John raised the gun and took aim, but Kade grabbed the pistol and pulled it from his hand before he knew what was happening. Kade tucked the pistol into his pants and held up a hand for John to wait.
“Sit, boy,” Wright said. “And you should be thanking me. I’ve given you an easier choice—unless you’re into foamers.”
John rushed forward and slammed Wright against the car. He smashed an elbow across Wright’s face before Kade wrapped and arm around him and pulled him back. John dug in and kept fighting his way toward Wright, whom he could have beaten to death. Wright dashed forward and grabbed the pistol from Kade’s pants.
Kade shoved John away, then spun in a circle, bringing the katana around and cleaving clean through Wright’s neck. A spray of blood splattered the cars. Wright’s body dropped to its knees before the head fell away and the two pieces of the man landed on the ground.
John could hear nothing but his own heart beating. Kade stumbled, then dropped to the ground, his katana settling beside him. John rushed to his side and noticed how badly injured Kade was—most of his body was covered in cuts.
“I’m all right, kid,” Kade said, putting John at ease.
John moved over to the body. He had one question that needed answering.
“Leave him for the foamers.

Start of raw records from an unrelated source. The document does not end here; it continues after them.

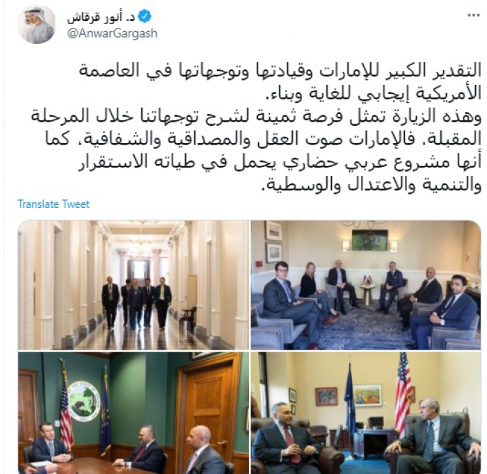 وقال في تغريدة عبر "تويتر" رصدها "المشهد العربي": "التقدير الكبير للإمارات وقيادتها وتوجهاتها في العاصمة الأمريكية إيجابي للغاية وبناء".
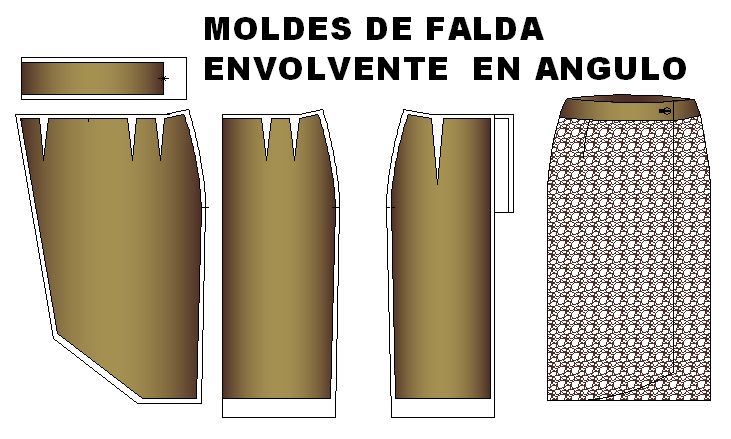 Patrones de Falda Estilo Envolvente en Angulo.
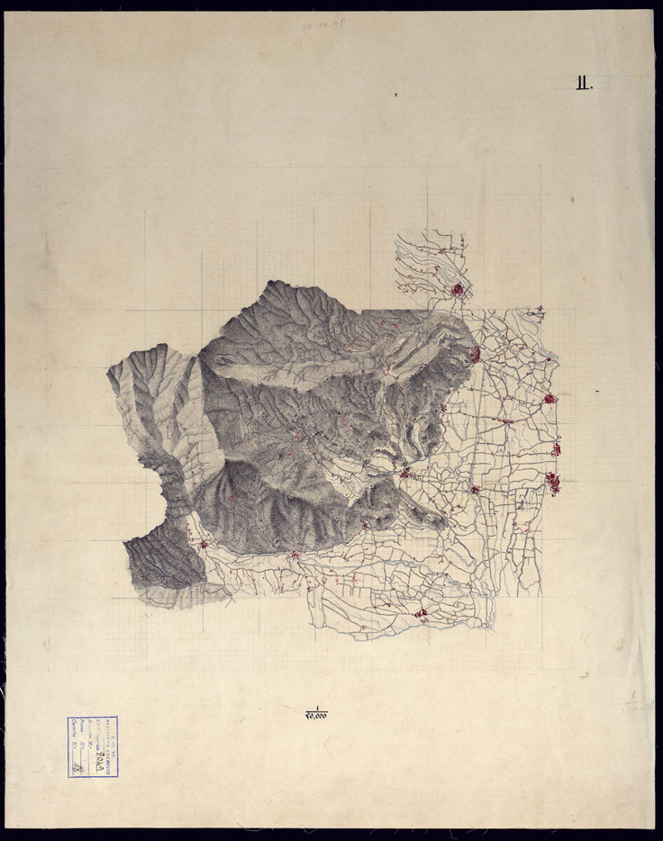 "Il titolo non è presente sulla carta. Riproduzione al 50.000 dei disegni eseguiti nel 1853 dagli Ufficiali ammessi al corso di studi presso il Corpo di S.M. (documenti n. 52 e n. 53). Il documento è privo di data e firma."
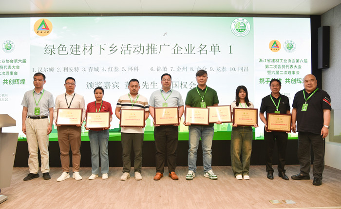 近日,浙江省建材工業(yè)協(xié)會第六屆第二次會員代表大會暨六屆二次理事會在杭州順利召開,會上公布了“2025年浙江省綠色建材下鄉(xiāng)推廣企業(yè)”名單并頒發(fā)獎牌,錦蕭科技榜上有名。
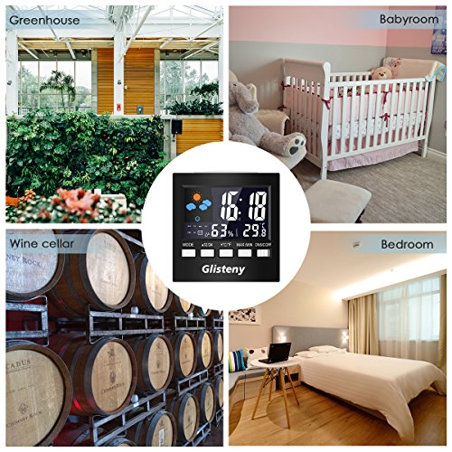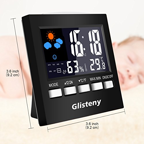 Studio : Glisteny Co.,Ltd Publisher : Glisteny Co.,Ltd Binding : Kitchen Product Description Color:Black GLISTENY Temperature and Humidity Monitor This all-in-one thermometer hygrometer, timer and alarm clock can provide you reliable humidity / temperature / time readings so that you can regulate your household for maximum comfort. Please read the included user manual carefully and thoroughly before use and keep it appropriately for future use. Features: 1.LCD Screen with Large Numbers: LCD screen display with large numbers makes it really easy to read; Low battery indicator. 2.Portable and Tabletop Design: The small and portable humidity monitor allows you to move the device from location to location. 3.Displays the Temperature Humidity Calendar Clock: With Fahrenheit and Celsius temperature switch function. There are two displays of Fahrenheit and Celsius. It also shows the accurate humidity. What's more, display hour, minute, date, month, week and 12/24 hour system. 4.Alarm Clock with snooze function: Alarm Clock can reminder warmly that you won't forget anything. 5.Backlight Function: Button-control Sound-control. The blue backlight is bright and makes the screen easy to read in low light when activated, and automatically turns off after 8 seconds. 6.Good packing ensures the unit against any possible damage during transit. Specifications: 1.Temperature Range: 30¡aF ~ 122¡aF (0¡aC ~ 50¡aC). 2.Humidity Range: 20% ~ 99% RH. 3.Frequency of Readings: 8 seconds 4.Material: Plastic 5.Dimension: 3.6 x 3.6 x 1.6 inches 6.Weight: 4.2 ounce 7.Power Supply: 2 x AAA 1.5V Battery (Not included) Package Includes: 1 x GLISTENY Temperature and Humidity Monitor 1 x User Manual

He doesn’t deserve a burial,” Kade said, tipping his mask back.
Undoing the buttons on Wright’s vest, he found what he was looking for. The internal pockets of the vest were lined with vaccines, which were cool to the touch. Wright had to have more stashed somewhere. John removed the vest, hoping the vaccines would somehow be able to help Damian save Grace.
* * *
The damage was almost too much for Kade to fathom. Th
ey had to expand the medbay. Tiny, though still sore, was now up and moving to help Number Five treat the wounded. Scott, Drew, Zack, and Wright were dead. Meredith had barely survived her bout with the vaccine. Grace was going to enter her coma at any point. Mick was still laid up from their makeshift surgery. Jem’s psyche seemed damaged. Ashton had broken her arm, and X wasn’t leaving her side. Damian had lost his left ring finger, but showed his Zerris side by rushing to research the vaccine to try to save Grace the moment they cauterized his finger. Emma had been knocked out cold, but was coming around. Yuzuki was being rested and hydrated to recover from her months in captivity. Cunningham was locked up in one of the rooms, waiting for Kade’s verdict. Kade himself was one big piece of tenderized meat.
Franklin and John seemed to be the only two to have weathered the latest round of misfortune without a scratch. Had X not been on his way to meet Kade’s Jeep on the bridge when everything went down, Kade doubted John would be counted among the living.
He hadn’t even gotten a chance to talk to Tiny since she was so busy tending to everyone, and Kade’s road rash was not a top priority. She didn’t even ask him about Zack, which made him believe she already assumed the worst.
The only people not occupied by the medbay were Jem, Yuzuki, Franklin, and Meredith, who were all playing Monopoly in Jem’s room. Damian and Victoria were buried in research; Grace and John were simply waiting. Kade wanted to get a chance to say goodbye to Grace, in case she didn’t make it through her coma.
When he came to John’s room he knocked on the door, and Grace’s voice told him to come in. John was sitting against the head of the bed with Grace lying back between his legs, resting her head on his chest.
Kade tipped his chin in greeting to John, then said, “Grace, I’m sorry for ever bringing them here. You’ve been—”
“Stop it now,” Grace commanded. “I’m not saying goodbye to anyone. Either Damian is going to pull out a miracle, or I am going to beat this. If a little girl can do it, so can I. I will see you tomorrow, big brother.”